§ **WORK TO BE COMPLETED**
Your task is to restate word for word the lines in the material below, from the one with "сметки за електроенергия." up to and including the one with "Argolla Celebrity Gold". Do not carry over the pictures.

§ **EXERCISE DATA**
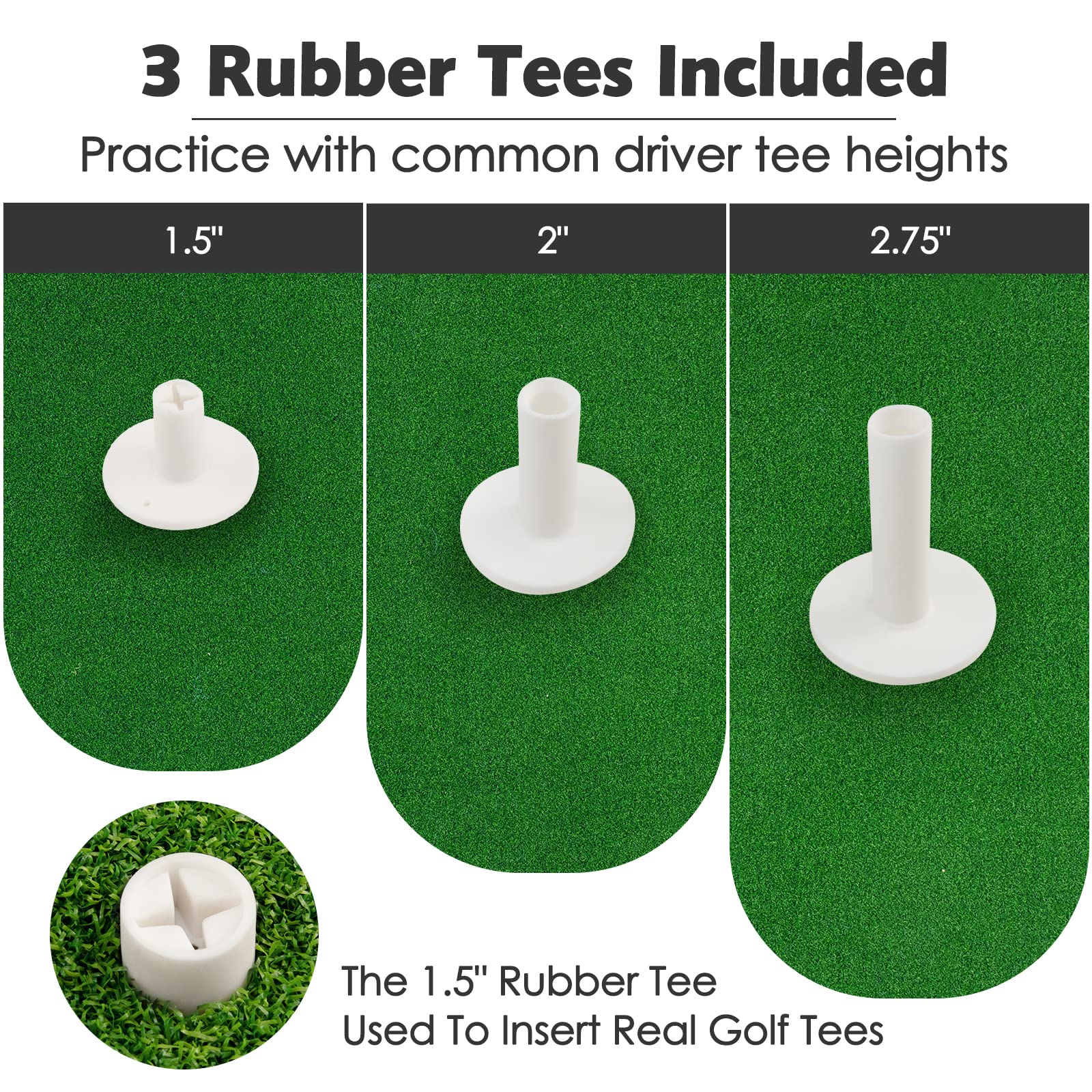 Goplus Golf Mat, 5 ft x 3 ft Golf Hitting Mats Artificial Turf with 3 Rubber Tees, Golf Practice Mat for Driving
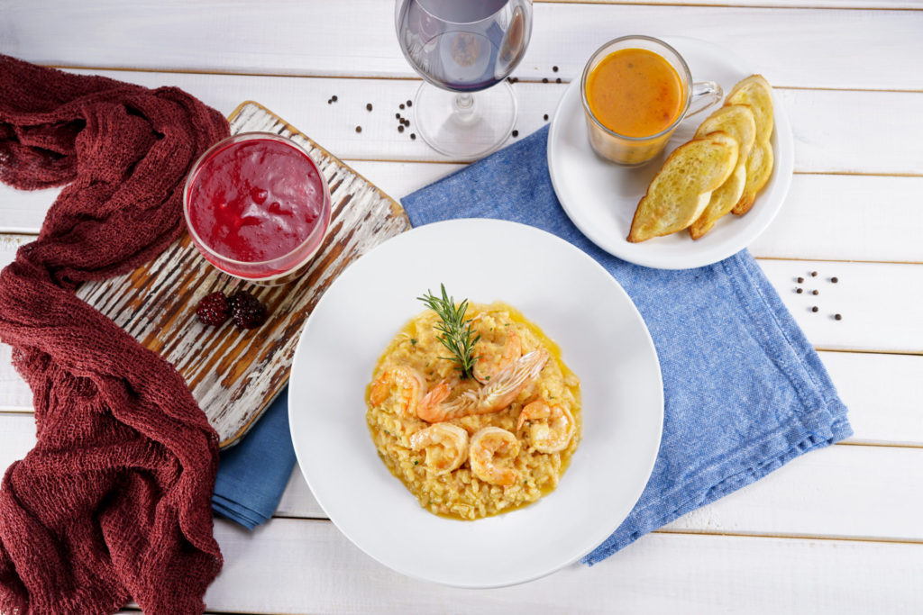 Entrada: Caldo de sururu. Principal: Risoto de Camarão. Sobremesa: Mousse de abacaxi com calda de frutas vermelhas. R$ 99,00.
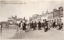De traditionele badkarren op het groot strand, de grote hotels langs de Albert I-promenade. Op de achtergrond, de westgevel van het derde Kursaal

...

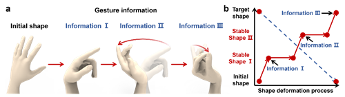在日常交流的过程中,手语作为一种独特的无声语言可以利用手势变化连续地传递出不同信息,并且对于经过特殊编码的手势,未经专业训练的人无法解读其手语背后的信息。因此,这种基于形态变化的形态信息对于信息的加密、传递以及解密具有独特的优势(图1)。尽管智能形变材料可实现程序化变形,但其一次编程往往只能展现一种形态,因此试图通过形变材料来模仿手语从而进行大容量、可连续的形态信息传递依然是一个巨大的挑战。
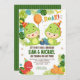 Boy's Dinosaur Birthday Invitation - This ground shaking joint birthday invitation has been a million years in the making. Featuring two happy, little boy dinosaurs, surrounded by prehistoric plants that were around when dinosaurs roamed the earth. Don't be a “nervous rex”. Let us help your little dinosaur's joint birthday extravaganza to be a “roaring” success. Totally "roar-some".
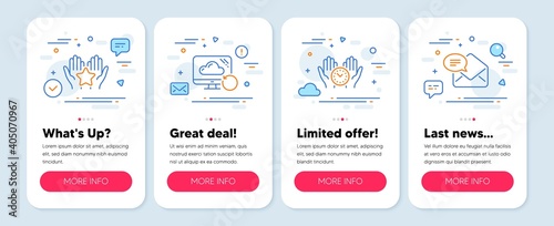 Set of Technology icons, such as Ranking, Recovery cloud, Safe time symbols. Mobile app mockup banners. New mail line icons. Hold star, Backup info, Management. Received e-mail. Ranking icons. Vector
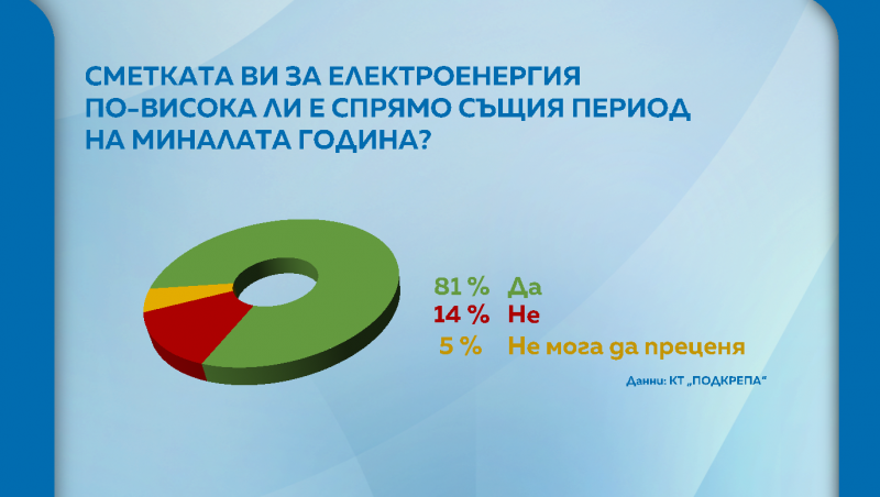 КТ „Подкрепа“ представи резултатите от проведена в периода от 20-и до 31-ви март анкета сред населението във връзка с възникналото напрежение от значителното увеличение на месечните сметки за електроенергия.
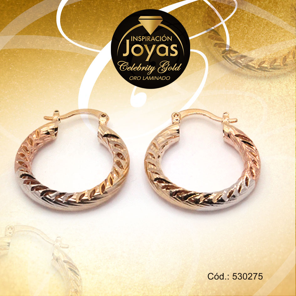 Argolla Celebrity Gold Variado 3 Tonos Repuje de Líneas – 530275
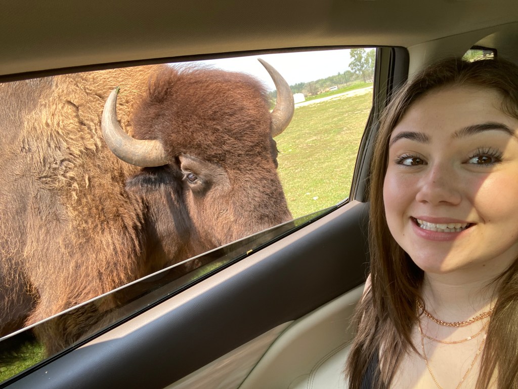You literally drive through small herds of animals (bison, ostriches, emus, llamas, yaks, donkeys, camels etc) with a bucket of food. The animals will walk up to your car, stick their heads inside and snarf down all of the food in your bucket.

§ **TASK SOLUTION**
 КТ „Подкрепа“ представи резултатите от проведена в периода от 20-и до 31-ви март анкета сред населението във връзка с възникналото напрежение от значителното увеличение на месечните сметки за електроенергия.
 Argolla Celebrity Gold Variado 3 Tonos Repuje de Líneas – 530275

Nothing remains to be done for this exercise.